Defunct Egyptian electoral alliance

The Islamist Bloc (الكتلة الإسلامية), formally the Alliance for Egypt, was an electoral alliance of Egyptian political parties, formed for the 2011–12 Egyptian parliamentary election. It consisted of two Salafist parties, Al-Nour and Authenticity Party, as well as the Building and Development Party, which is the political wing of the Islamic Group (al-Gama'a al-Islamiyya).

==History==

The Authenticity Party left the Democratic Alliance for Egypt in October 2011 over its share of electoral slots, while the Al-Nour Party had earlier departed from the alliance. A new Salafi alliance was formed between the Al-Nour Party and the Authenticity Party following their departures from the Democratic Alliance for Egypt, which the Islamist Building and Development Party also considering leaving. The Building and Development Party separated from the Democratic Alliance over its small share of seats, and the Islamist Bloc, formed by the three Islamist parties, was publicly announced on 3 November 2011.

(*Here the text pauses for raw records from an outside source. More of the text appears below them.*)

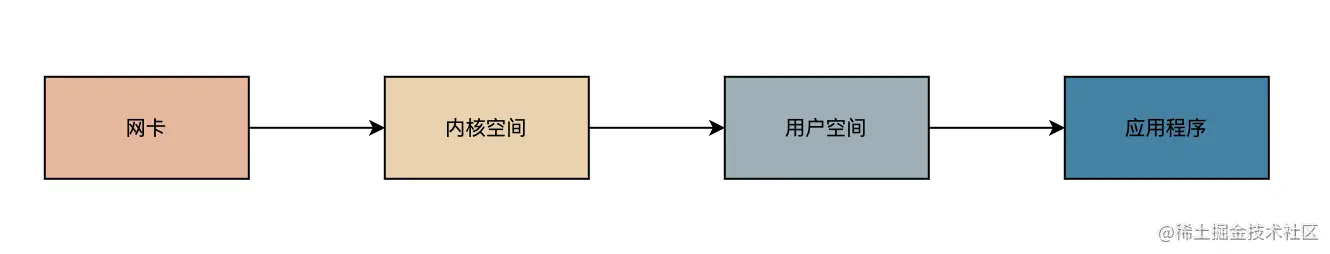 下面是一次网络内容读取的 I/O 示意图,数据从外设(网卡)到内核空间,到用户空间(JVM)最后到应用程序的一个过程,那么阻塞和非阻塞指的是哪里呢?
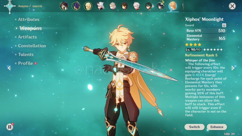 ความสามารถ : ในทุก 10 วินาที จะเกิดเอฟเฟกต์-ความชำนาญธาตุแต่ละหน่วยของตัวละคร จะประสิทธิภาพการฟื้นฟูพลังงานธาตุให้แก่ตัวละคร 0.052%(0.065%/0.078%/0.091%/0.104%) เป็นเวลา 12 วินาที และ ตัวละครอื่นที่อยู่ในทีมจะได้รับประสิทธิภาพการฟื้นฟูพลังงานธาตุเพิ่ม 30% ของเอฟเฟกต์นี้ ซึ่งเอฟเฟกต์นี้จากอาวุธชนิดอื่นสามารถซ้อนทับกันได้ แม้ไม่ได้เข้าร่วมต่อสู้
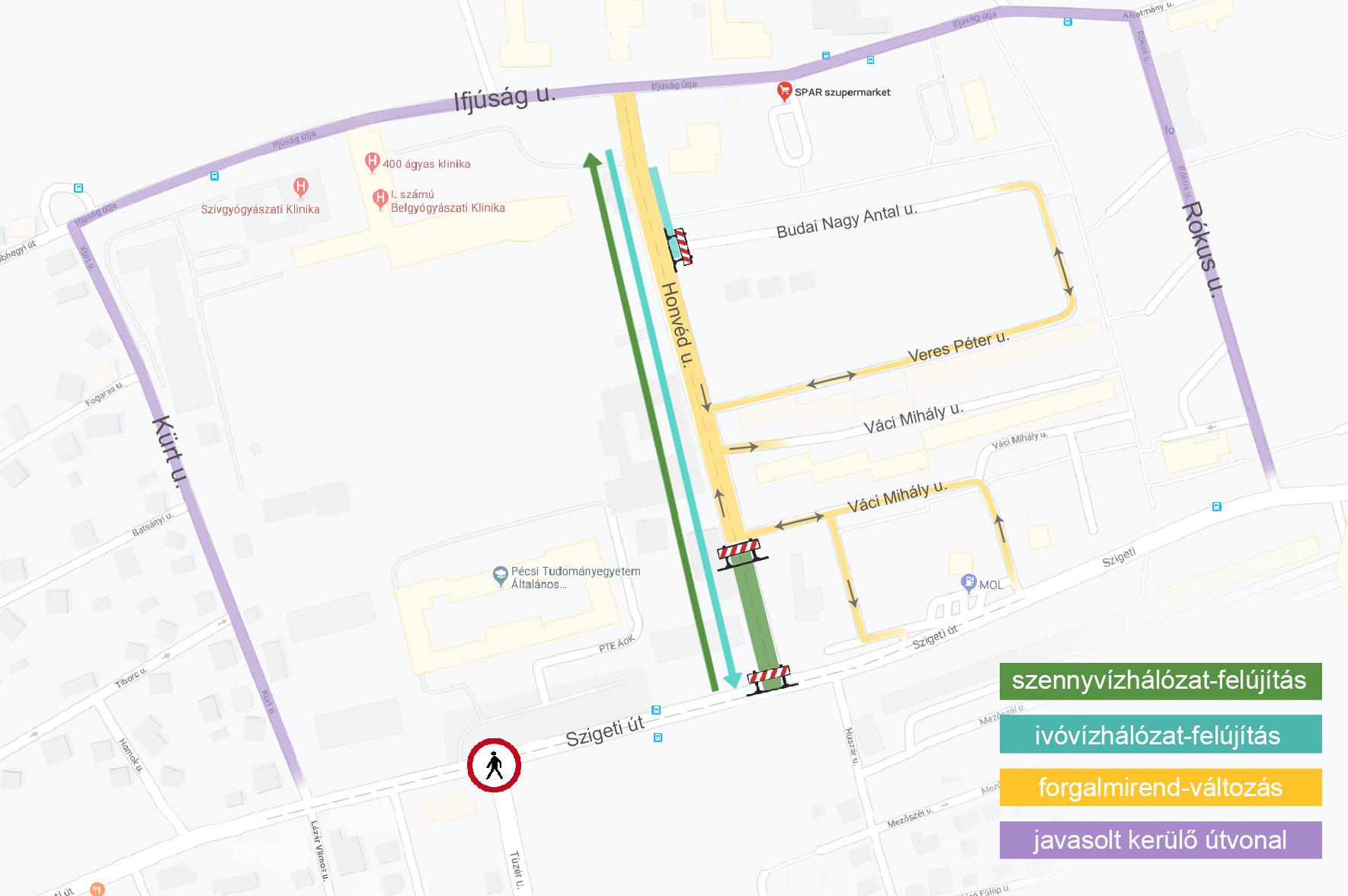 Mivel a szennyvízhálózat az út tengelyében húzódik, a Szigeti út irányából felfelé induló, aknaközönként haladó rekonstrukció szakaszosan ugyan (30-40 méter), de teljes szélességű útzár mellett valósulhat meg. Ezzel a Honvéd utca átjárhatósága megszűnik, azonban a környező utcákba és a PTE telephelyére való behajtás a forgalom és a mentők számára mindvégig biztosított lesz vagy az Ifjúság útja, vagy a Szigeti út irányából.
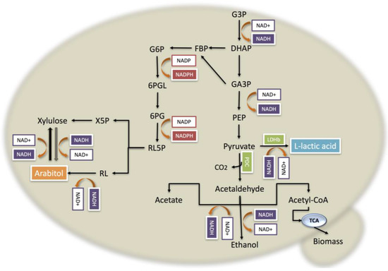 In yeast cells, arabitol synthesis from glycerol is expected to follow similar routes to those leading from glucose [38]. According to the genome annotation, after glycerol is assimilated by the cells, it follows two steps of phosphorylation and is converted into pyruvate, producing two NADH molecules (Figure 4). This latter compound may then follow one of two pathways, one being the conversion to glyceraldehyde-3–phosphate (GA3P) by the enzyme triose phosphate isomerase, with subsequent conversion to pyruvate, which is in turn converted into l-lactic acid by the NADH-dependent bovine lactate dehydrogenase, resulting in a NADH surplus per mol of consumed glycerol under oxygen-limited conditions.
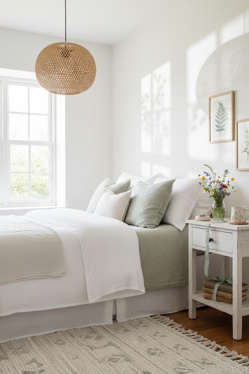 When the seasons shift, your cozy cottage bedroom can too—without a full redesign. In spring, trade weighty textiles for breathable layers and let the space exhale: a fresh linen duvet cover, crisp cotton pillowcases, and a breezy palette of chalky whites, buttercream, and soft sage instantly brighten the room. A rattan pendant light casts gentle, dappled shadows that feel like sunlight through leaves, and a woven area rug underfoot softens the transition from chilly mornings to warmer days. Style your farmhouse nightstand with a bud vase of wildflowers, a stack of well-loved paperbacks, and a ceramic dish for rings, and weave in cottagecore decor with subtle florals, gingham ribbons, and a hand-thrown mug for tea. Even in a small bedroom makeover, swapping art prints for botanical sketches and rotating in glass lamps or clear accents keeps things airy without sacrificing charm.
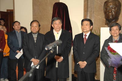 北京市委常委、宣傳部長、副市長蔡赴朝,老舍先生的子女舒乙先生、舒濟(jì)女士和舒雨女士,以及參加國際老舍研討會的一百八十余位專家學(xué)者,北京人藝全體院領(lǐng)導(dǎo)和各部門代表,當(dāng)年《龍須溝》首演陣容的演員代表鄭榕、李濱、舞美設(shè)計宋垠、韓西宇等,于是之先生的夫人李曼宜女士,新版《龍須溝》劇組代表顧威導(dǎo)演,老舍頭像作者、中央美術(shù)學(xué)院教授、雕塑藝術(shù)家孫家缽等出席了揭幕儀式。當(dāng)晚7時許,蔡赴朝和舒乙一起,共同為老舍先生雕塑揭幕。至此,中國近代文學(xué)史上的三位大師——老舍、焦菊隱、曹禺的銅像共同屹立、“聚首”在首都劇場大廳內(nèi),供后輩瞻仰!
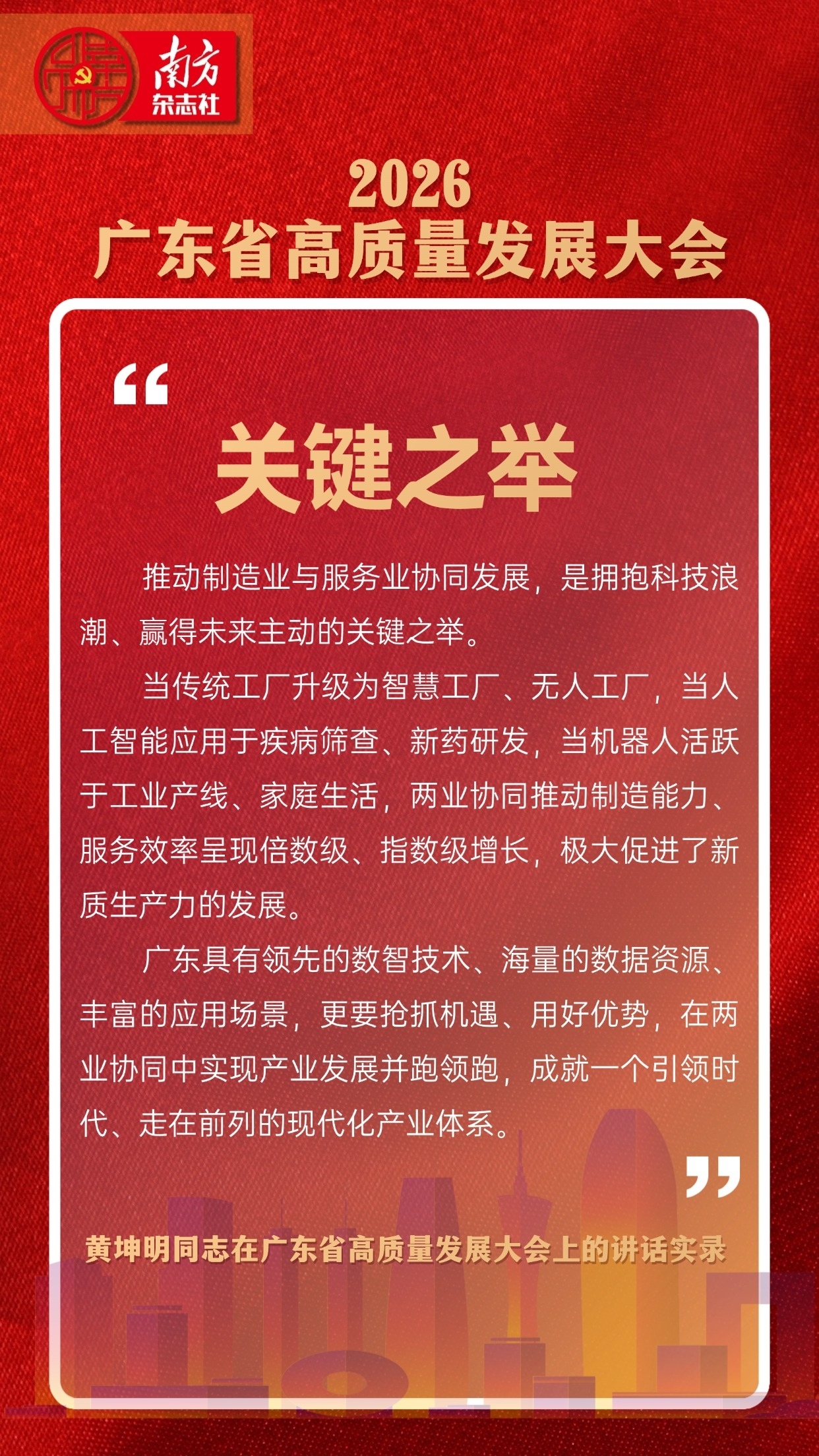 2026年2月24日,农历丙午马年春节后第一个工作日,广东“新春第一会”——全省高质量发展大会四连打卡。在浓浓的年味中,广东再次吹响集结的号角,以制造业与服务业协同发展为主题,共同探讨广东高质量发展新路。
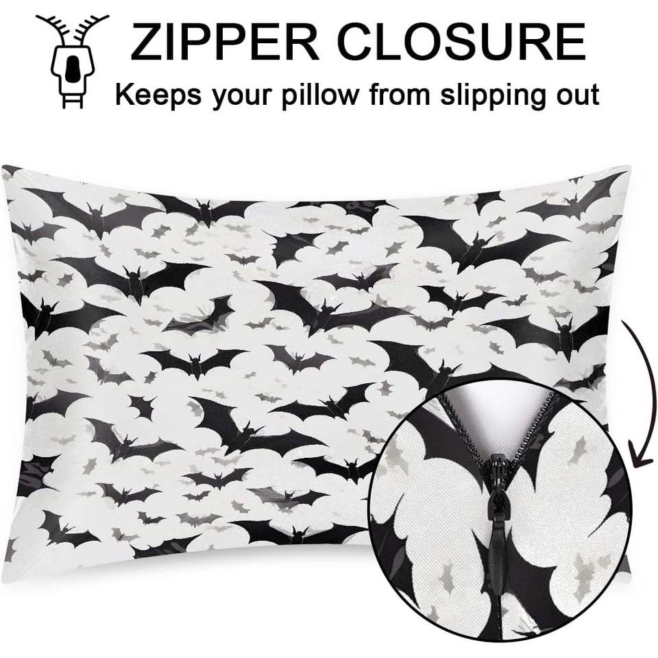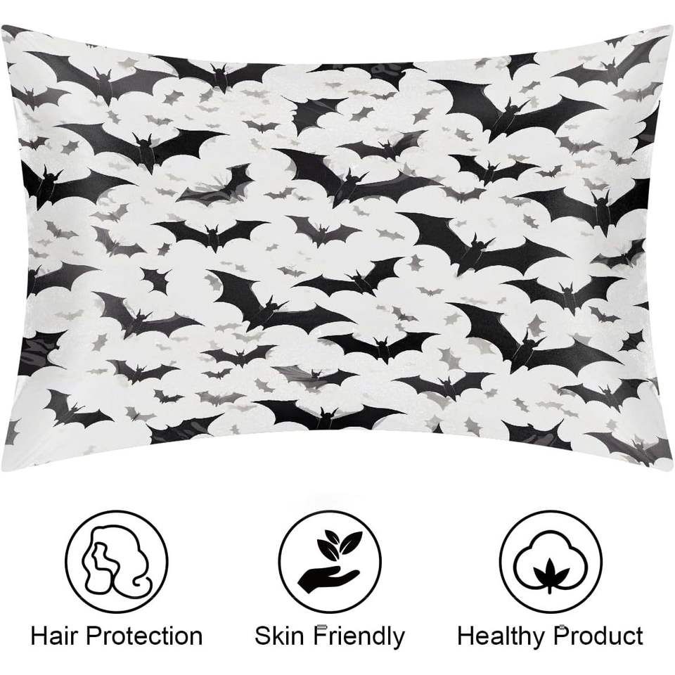 Halloween Gothic Bat Satin Pillowcase 20x30 Inches Queen Size Soft Floral Pattern for Hair Skin Home Use Similar Silk Pillowcase
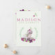 Our cute photo birth announcement card introduces your beautiful baby girl with her name on the front with pink and purple florals and a cute hippo with a radish. Customise the back with a newborn photo and script text to feature your baby's important birth information, and parent names. The photo is framed by a soft pastel purple frame topped with purple and pink flowers.
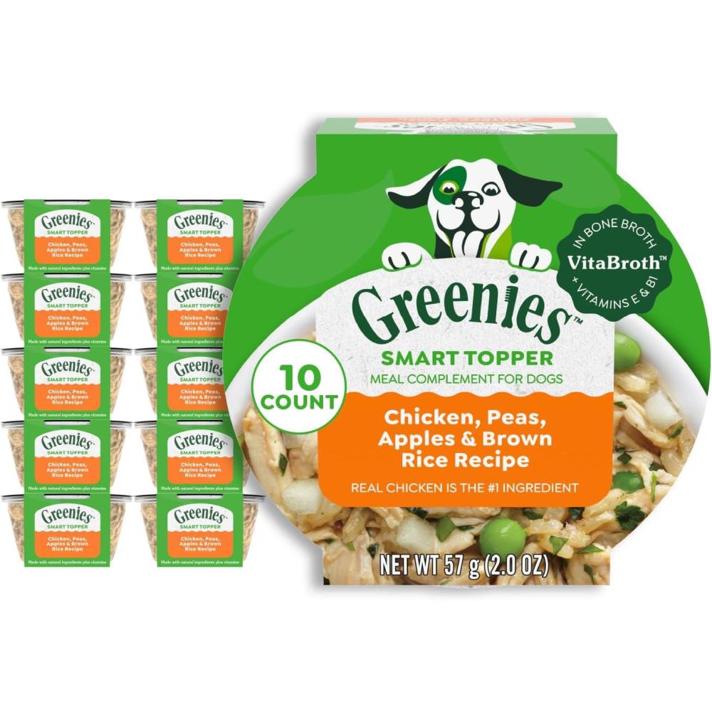 Greenies Smart Topper High Protein Wet Mix-in for Dogs, Beef, Peas & Carrots Recipe in Vitabroth Broth – Bone Broth + Vitamins E & B1, 10 Count(Chicken Peas & Apple)
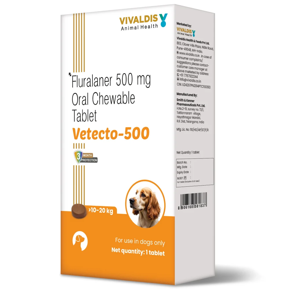 Vivaldis Vetecto 500 (Fluralaner) chewable Tick & Flea tablet for Dogs (10 to 20 kg)
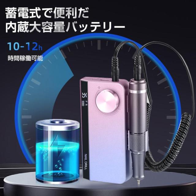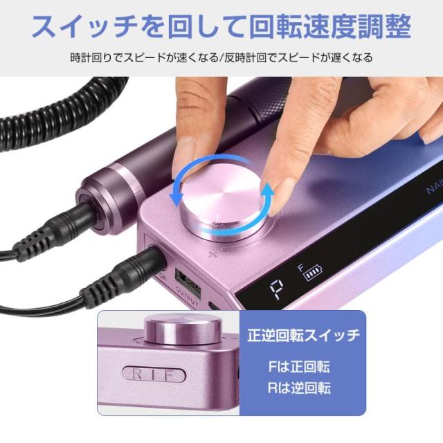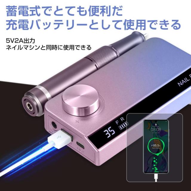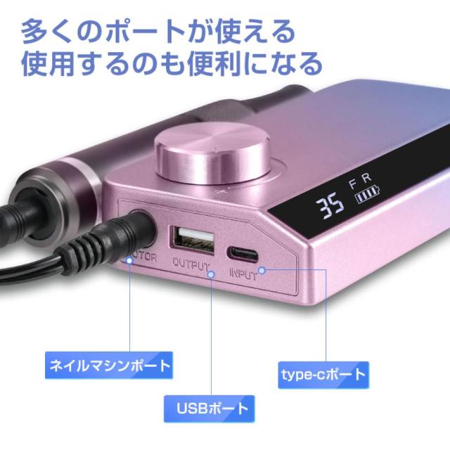 ネイルマシン 電動 正/逆回転 スピード35段階 ビットセット付 モバイルバッテリーとして使用可 ネイルケア ジェルオフ サンディング
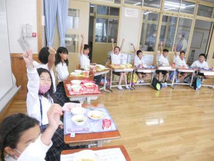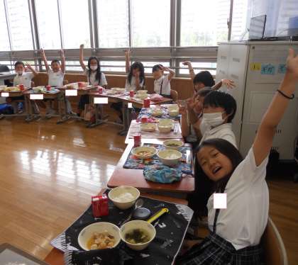 総括考査も終わり、水泳学習でスッキリした後は、おいしいおいしい給食です。

In the 2011/2012 parliamentary elections, the Islamist Bloc won 7,534,266 votes out of 27,065,135 correct votes, or roughly 27.8% of all votes and received 96 seats out of 332 in the Egyptian parliament. The 96 seats were divided between members of the alliance as follows:
- Al-Nour Party: 83 seats
- Building and Development Party: 10 seats
- Authenticity Party: 3 seats

In addition, independent candidates of the Al-Nour Party won 28 seats out of the 168 seats allocated for independent candidates.

Additionally, three members of the Building and Development Party were elected as independents.

The Islamist Bloc won a total of 127 seats out of 498 (25.5%) in the 2012 Egyptian Parliament, becoming the second largest political bloc in the parliament after the Democratic Alliance for Egypt.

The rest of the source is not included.